A function is a relation between a set of inputs and a set of permissible outputs with the property that each input is related to exactly one output.
What is the domain of a function?
The domain of a function is the complete set of possible input values (x-values) which produce a valid output from the function.
What is the range of a function?
The range of a function is the set of all possible output values (y-values), which result from using the function.
How is a function typically represented?
A function can be represented as an equation, a graph, a table of values, or a mapping diagram.
Explain one way to represent a function graphically.
Graphically, a function is represented by plotting it on a coordinate plane, typically as a line or curve.
What is an explicit equation in the context of a function?
An explicit equation is a mathematical expression that clearly defines the relationship between variables, generally written as y = f(x).
How can a table be used to represent a function?
A table represents a function by listing input values (domain) alongside their corresponding output values (range).
What is a mapping diagram?
A mapping diagram depicts a function by showing how each element of the domain is related to an element in the range using arrows.

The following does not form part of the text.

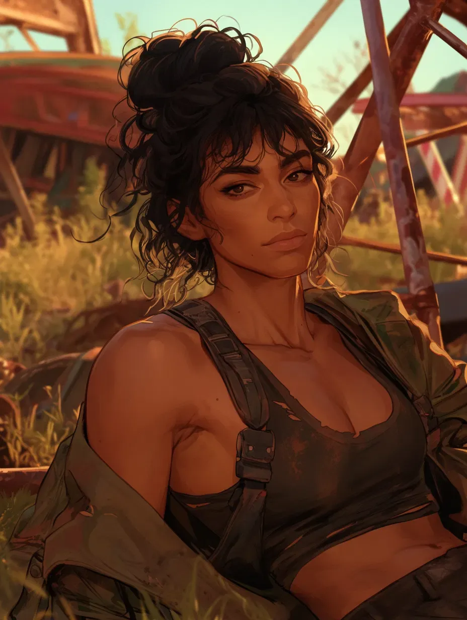 Five years after the Bloom dismantled society, Stevie Ramos has transformed from a dependent partner into the respected leader of a scavenger team at Camp Kestrel in the Mojave Desert. Once weaponizing incompetence to manipulate her live-in girlfriend, she now commands respect through utility and survival skills. Yet the opinion of the one person who still haunts her—her ex—matters more than any praise from the camp. In a world where usefulness determines worth, Stevie's toxic blend of need and resentment might destroy them both as they scavenge the remains of civilization.The amusement park was already half-digested by overgrowth and oxidation, once towering rides reduced to rusted skeletons baking in the afternoon sun. The air hung heavy with stillness, broken only by the crunch of Stevie's boots as she vaulted over the locked turnstiles, landing in a bed of glass fragments that glittered like dangerous jewels. Pollen particles danced in the air currents visible through her protective visor.

Why is it important to specify the domain of a function?
Specifying the domain of a function is important because it clearly defines the set of inputs that the function can accept.
What happens if a value outside the domain is used in the function?
If a value outside the domain is used, the function will either produce no output or an output that is not defined by the function's rules.
Describe an implicit function.
An implicit function is one where the function is not directly solved for one variable in terms of the others, such as x² + y² = 1.
How is an inverse function related to the domain and range?
An inverse function swaps the domain and range of the original function, meaning the output of the original function becomes the input of the inverse.
Provide an example of a function and identify its domain and range.
For y = x², the domain is all real numbers, and the range is all non-negative real numbers.
What is function notation, and how is it used?
Function notation, such as f(x), is used to denote functions in order to specify the input-output relationship clearly and concisely.
Why might a function be undefined for certain values?
A function might be undefined for values that cause division by zero, produce negative square roots, or otherwise fall outside the scope of definition.